3-hydroxy-2-methylquinolin-4-one 2,4-dioxygenase

In enzymology, a 3-hydroxy-2-methylquinolin-4-one 2,4-dioxygenase (EC 1.13.11.48) is an enzyme that catalyzes the chemical reaction

3-hydroxy-2-methyl-1H-quinolin-4-one + O₂ N-acetylanthranilate + CO

Thus, the two substrates of this enzyme are 3-hydroxy-2-methyl-1H-quinolin-4-one and O₂, whereas its two products are N-acetylanthranilate and CO.

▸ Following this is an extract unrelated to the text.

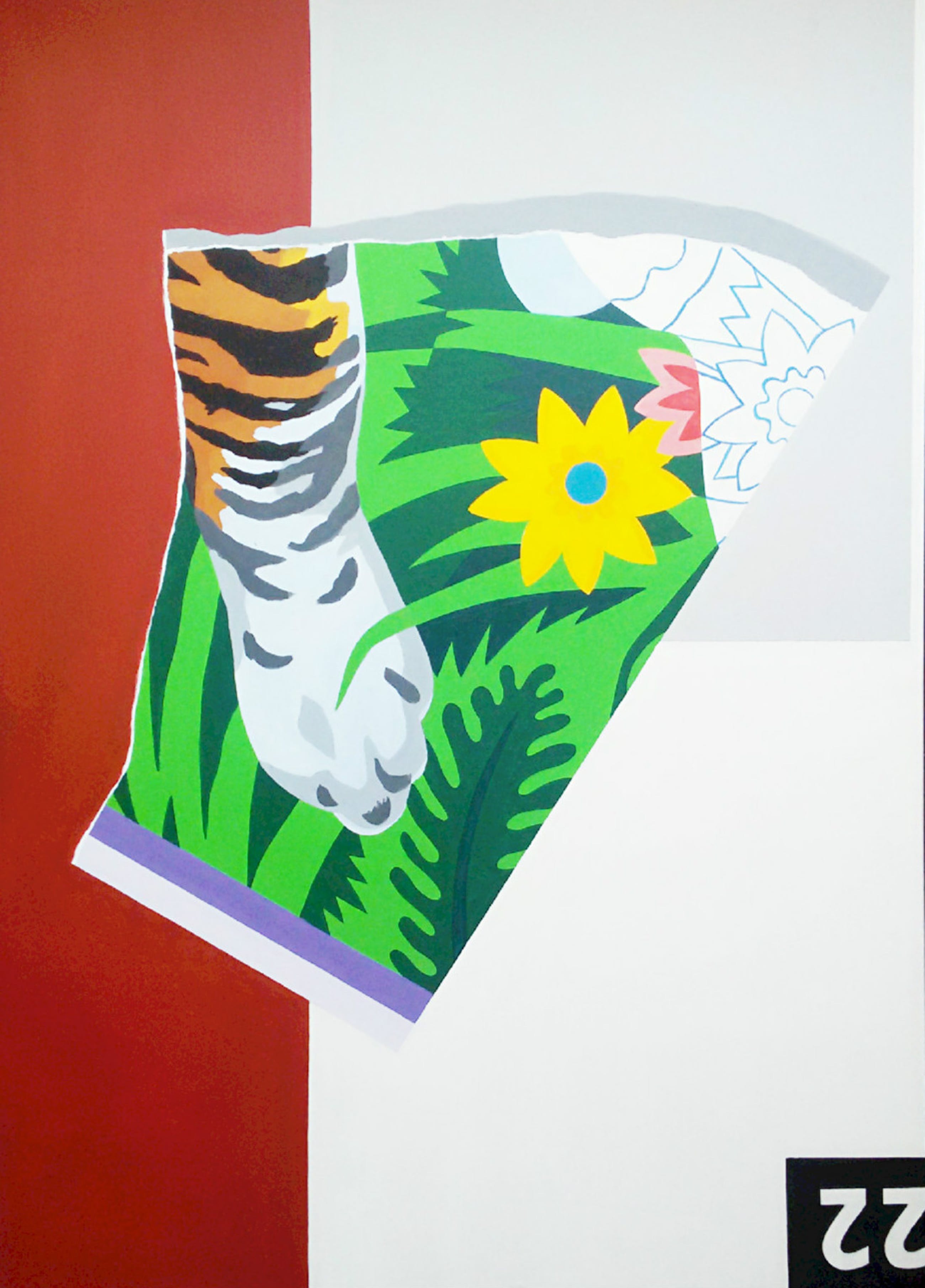 Onbekend - Tijgerpoot, acrylverf op doek (ingelijst, zeer groot) - Verkocht

This enzyme belongs to the family of oxidoreductases, specifically those acting on single donors with O₂ as oxidant and incorporation of two atoms of oxygen into the substrate (oxygenases). The oxygen incorporated need not be derived from O₂. The systematic name of this enzyme class is 3-hydroxy-2-methyl-1H-quinolin-4-one 2,4-dioxygenase (CO-forming). This enzyme is also called (1H)-3-hydroxy-4-oxoquinaldine 2,4-dioxygenase.

References

• Bauer I, De Beyer A, Tsisuaka B, Fetzner S, Lingens F (1994). "A novel type of oxygenolytic ring cleavage: 2,4-Oxygenation and decarbonylation of 1H-3-hydroxy-4-oxoquinaldine and 1H-3-hydroxy-4-oxoquinoline". FEMS Microbiol. Lett. 117 (3): 299–304. doi:10.1111/j.1574-6968.1994.tb06783.x.
• Bauer I, Max N, Fetzner S, Lingens F (1996). "2,4-dioxygenases catalyzing N-heterocyclic-ring cleavage and formation of carbon monoxide. Purification and some properties of 1H-3-hydroxy-4-oxoquinaldine 2,4-dioxygenase from Arthrobacter sp Ru61a and comparison with 1H-3-hydroxy-4-oxoquinoline 2,4-dioxygenase from Pseudomonas putida 33/1". Eur. J. Biochem. 240 (3): 576–83. doi:10.1111/j.1432-1033.1996.0576h.x. PMID 8856057.
• Fischer F, Kunne S, Fetzner S (1999). "Bacterial 2,4-dioxygenases: new members of the alpha/beta hydrolase-fold superfamily of enzymes functionally related to serine hydrolases". J. Bacteriol. 181 (18): 5725–33. PMC 94093. PMID 10482514.